DATA BELOW: Begin
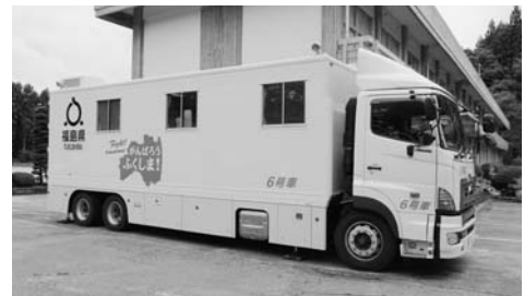
配置されるホールボディカウンター車

一般住民の方を対象とした内部被ばく検査については、公立岩瀬病院の構成市町村で購入された移動式ホールボディカウンターにより、希望者に対し検査を実施する予定です。 詳細が決まり次第、回覧板等でお知らせします。
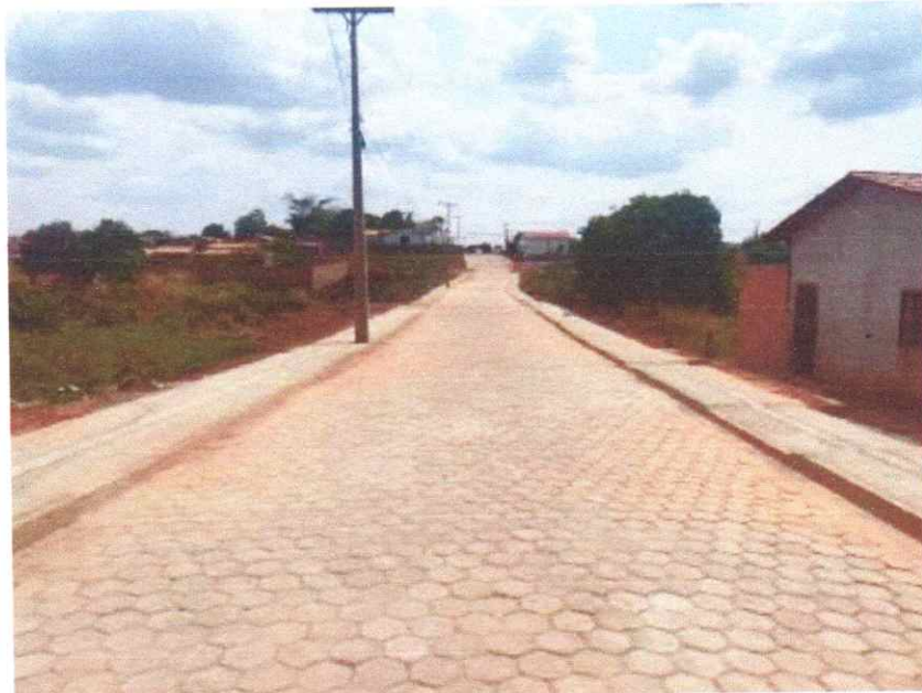
Meio fio, Sarjeta, Calçadas, Sinalização e Pavimentação em Bloquetes (Trecho III)

Este relatório fotográfico tem como objetivo relatar os serviços executados referente a (3ª Medição) da Implantação de Pavimento Intertravado e Drenagem de águas pluviais, localizado na Rua Maurício de Sousa Gomes; Jardim Primavera na Cidade de Augustinópolis /TO.
DATA BELOW: End
WORK REQUEST — What is needed is an exact copy of the lines from the beginning of the data through the line containing "Meio fio, Sarjeta, Calçadas, Sinalização", both included, without any pictures.

WRITTEN SOLUTION —
配置されるホールボディカウンター車

一般住民の方を対象とした内部被ばく検査については、公立岩瀬病院の構成市町村で購入された移動式ホールボディカウンターにより、希望者に対し検査を実施する予定です。 詳細が決まり次第、回覧板等でお知らせします。
Meio fio, Sarjeta, Calçadas, Sinalização e Pavimentação em Bloquetes (Trecho III)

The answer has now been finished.